And that seems like an almost unavoidable cost of keeping it dynamic.
The FAT idea avoids that cost by faking the dynamic nature: it caches the value as a const, but the cache is wiped out if the value changes and the guard is tripped, so in cases where you don't ever change len it's nearly as fast the default value hack, but if you do change len it's as slow as a traditional global lookup (because, in fact, it's just falling back to the unoptimized code that does a traditional global lookup). And, since you asked about PyPy, I'd be willing to bet that what it does is a lot closer to FAT than to your idea.
> It would improve all functions which use globals, and doesn't require
> the programmer to bypass dynamic lookup. No new syntax > new syntax.
> Not having to use a hack > using a hack.
But more complex under-the-covers implementation < simple implementation. Unless it actually significantly speeds up a reasonable amount of real-life code whose speed matters, that's not worth it.
I suppose one way you could estimate the potential benefit is to try to figure out how common the default hack is in real life. If people need to use it frequently in production code (which presumably means there's other production code that could be benefitting from it but the programmer didn't realize it), then making it unnecessary is a real win.
>> Since the goal is a speedup, a working proof of concept is required to show
>> that it works and it's faster (on macro benchmarks?). Do you feel able to
>> implement it?
>
> It would be a project. I've studied some of the dict code, but I'd
> still have to look at OrderedDict and how it differs. I'd have to hack
> at the interpreter level. Worst, I'm not very experienced at C, and
> have no real "development" experience, so I'd struggle with just
> compiling CPython. But I'll definitely try, because I won't get
> anywhere by hoping someone else implements what I think of.

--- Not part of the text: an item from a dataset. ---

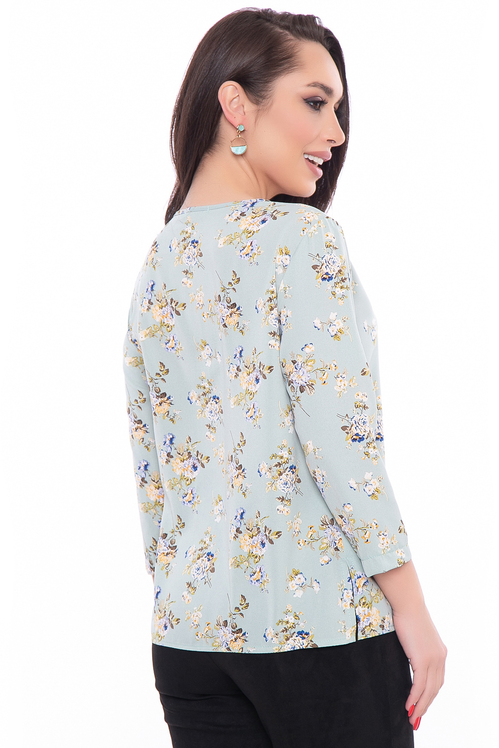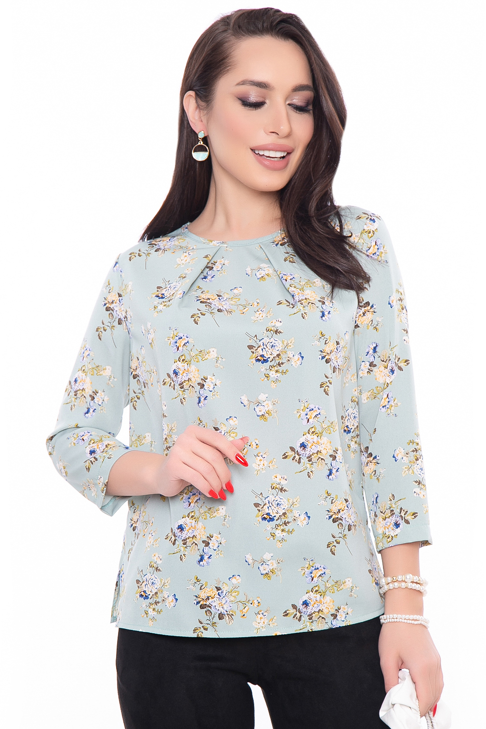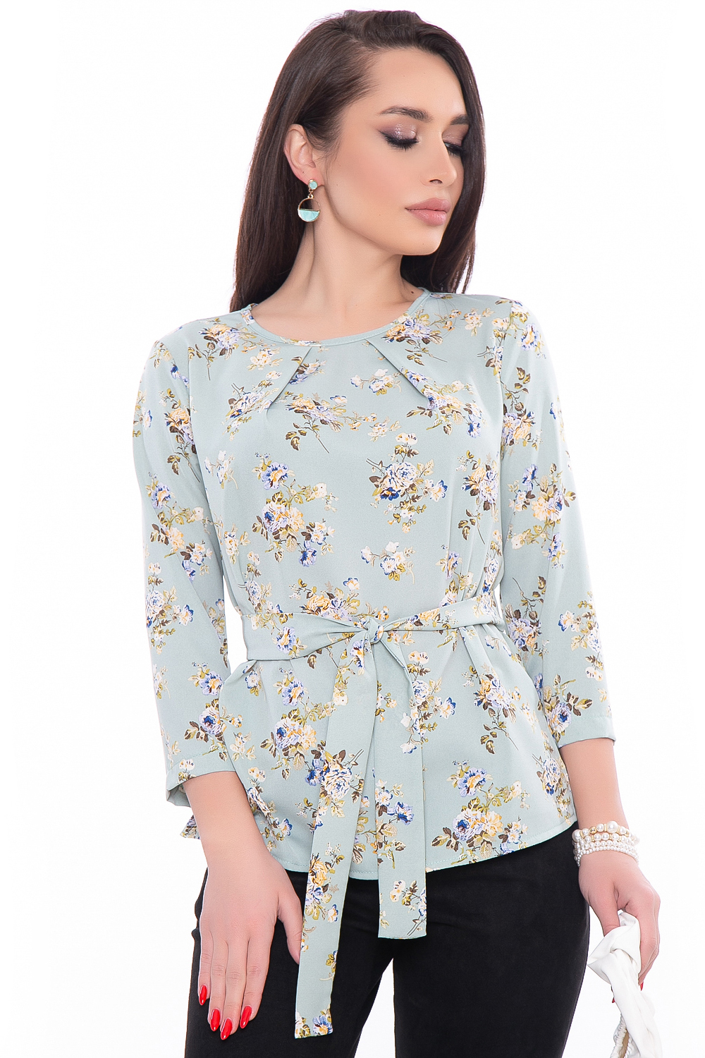 Классическая блуза в нежном оттенке с цветочным принтом. Свободного кроя с защипами по переду, классический округлый вырез горловины, рукав втачной, три четвертых. В комплекте тканевый поясок, по бокам разрезы.

Something you might want to consider doing first:
Write a pure-python RefCell, RefCellDict, and RefCellChainDict. Write some code that explicitly uses a ChainMap to look things up instead of using globals and builtins. Then rewrite it as equivalent code that manually sets up a list of RefCells out of a RefCellChainDict and then uses the list. You can simulate "global" and "builtin" lookups and mutations, and see when the optimization makes things faster. If it often makes a big difference, that should inspire you to do the hard work in C.
Also, it means you have real code instead of pseudocode to show off and let people play with.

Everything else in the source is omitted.